Wood eyes City Council run

Longtime school committee member likely to run for council

HAVERHILL — Scott Wood, in his 10th year on the School Committee, is considering a bid for City Council.

Wood, 29, a 2001 Haverhill High School graduate and the city’s youngest elected official, said he is likely to run for council and will decide for sure by the end of next month. If elected to the council, he said he has not decided if would resign his School Committee position or finish out his term, which has two years remaining.

Nomination papers for nine city council spots, three School Committee seats and mayor are available starting May 8 — the unofficial kick-off of election season.

The last day to take out papers for city’s fall elections is July 26. To get on the ballot, the papers are due back to the clerk with signatures from at least 50 registered voters by July 30.

Wood, a manager at a local mortgage banking company, said his priorities on the council would be fiscal responsibility and keeping taxes down, holding employees accountable for their performance and actions, and bolstering the police department with more resources and new programs.

Wood, who has degrees in public administration and criminal justice, said he would like to be involved with growing the rail trail the city is building in Bradford along the Merrimack River. He also want to re-establish the police department’s community policing program, which he said has dwindled in recent years due to budget cuts.
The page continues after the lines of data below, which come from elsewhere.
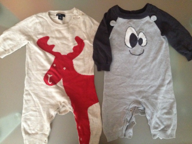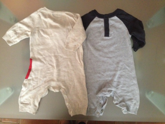 4. Вязаные трикотажные комбинезончики La Redoute (синий) и Baby Gap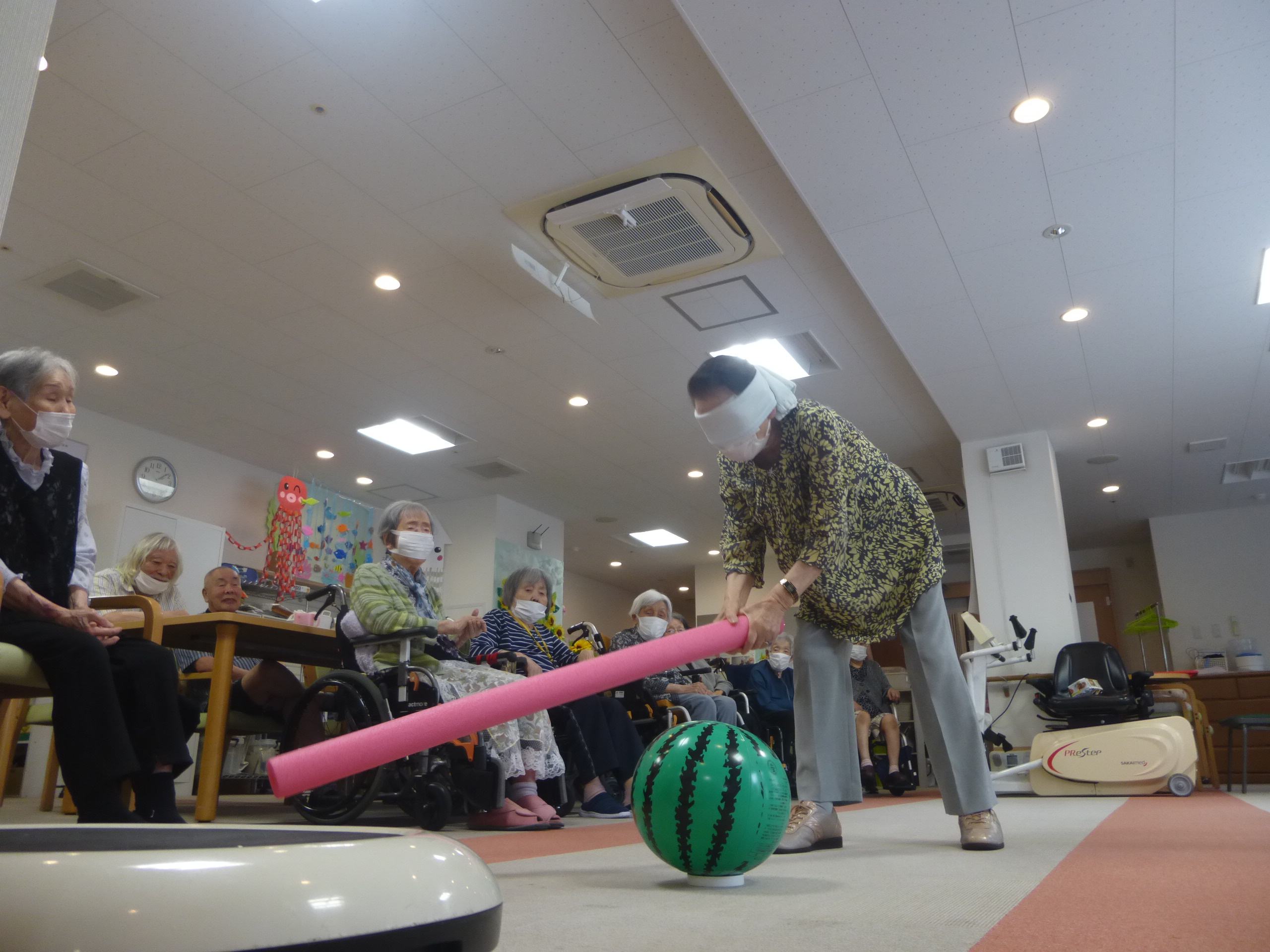先日 併設のデイサービスにてスイカ割りを実施させて頂きました。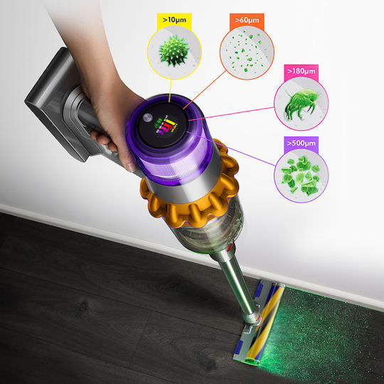 Η Dyson V15 διαθέτει πλήρως σφραγισμένο σύστημα φιλτραρίσματος που παγιδεύει το 99,99% των μικροσκοπικών σωματιδίων έως 0,3 microns. Αυτό σημαίνει ότι όχι μόνο καθαρίζεις το σπίτι, αλλά προστατεύεις και την ποιότητα του αέρα που αναπνέεις.

“The mayor says crime is down. I can’t speak to the numbers, but the perception out there is that we need to do more to make people feel safe,” Wood said. “The police department’s efforts right now seem to be limited to responding to calls for service rather than preventing trouble. One of the best ways to prevent crime is with community policing, which was much bigger in the 1990s when we had police sub-stations in high-crime areas. I want our officers out on the streets talking to people, especially children and the elderly, and meeting with neighborhood groups.”